Your signature for cons2 (String -> Int -> MyType) suggests that jump from Cons1 to Cons2 without losing any info, akin to, say:
data Colour = RGB Int Int Int
| HSL Int Int Int -- Hue, Saturation, Luminosity
Is that correct?
In that case I would not use two constructors but just one, having helper functions to output specific representations (toRGB, toHSL :: Colour -> (Int, Int, Int).
Compare with another type like
data ChatMessage = IOT
| Handshake Int
| DirectMessage String
| ClientEnquiry Specs
⁝
where constructors carry different information, not just a different representation of the same data.
You’re correct that when you define data MyType = Cons1 String | Cons2 String Int, it does indeed create a constructor function that has the signature Cons2 :: String -> Int -> MyType (this can be verified in GHCi:
> data MyType = Cons1 String | Cons2 String Int
> :t Cons2
Cons2 :: String -> Int -> MyType
). But in order for MyType to behave as a data structure, you have to be able to “get the data back out” that you put into it. Cons2 as a data constructor has an additional property that a plain Cons2 function would not, which is that you can pattern match on it. Specifically, you can pattern match on a given MyType, and if that MyType was a Cons2, your pattern can extract both the original String and Int that you put into it. For example:
printMyType :: MyType -> String
printMyType (Cons1 str) = str
printMyType (Cons2 str i) = str ++ show i
Now if I say printMyType (Cons2 "saturn" 5), I’ll get back "saturn5" because I was able to use both the String data and the Int data that I put into it.

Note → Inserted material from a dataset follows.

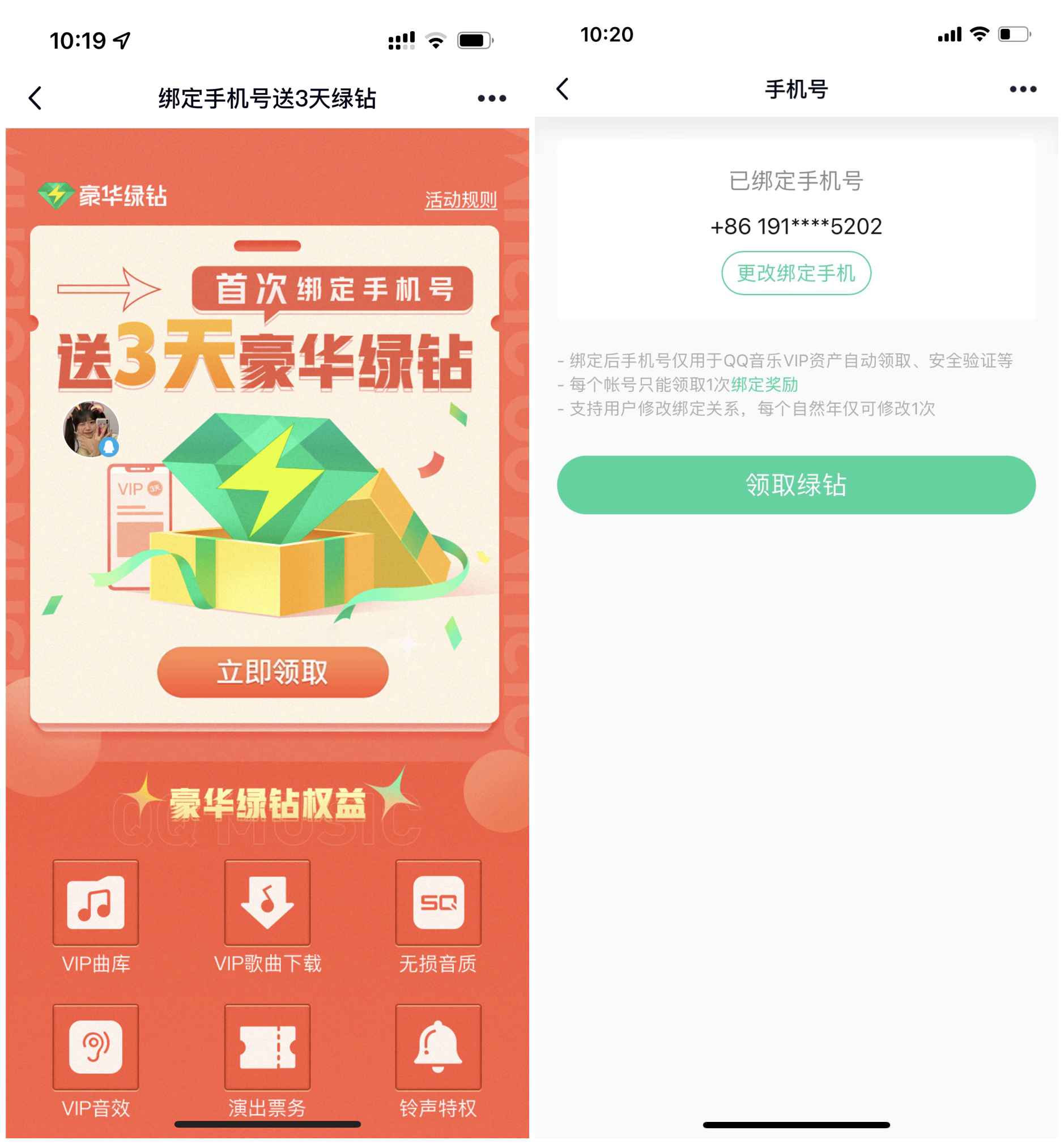 本文是新一期活动,上一期的是绑定新增7天豪华绿钻,现在缩水变成3天了;如果没绑定过的朋友可以参与一下,绑定手机号码即可领取3天豪华绿钻;每个账号只能领取1次绑定奖励,手机号码绑定60天后才可以换绑。

Note that my definition of printMyType would not have compiled if MyType was setup like so:
data MyType = Cons1 String
Cons2 :: String -> Int -> MyType
Cons2 str i = ...
If I had used this setup, printMyType would only be allowed to have a branch for Cons1, and could only ever extract a single String value from a MyType. Cons2 wouldn’t be a valid case. Therefore any information about the Int that you “constructed” your MyType with would necessarily be lost.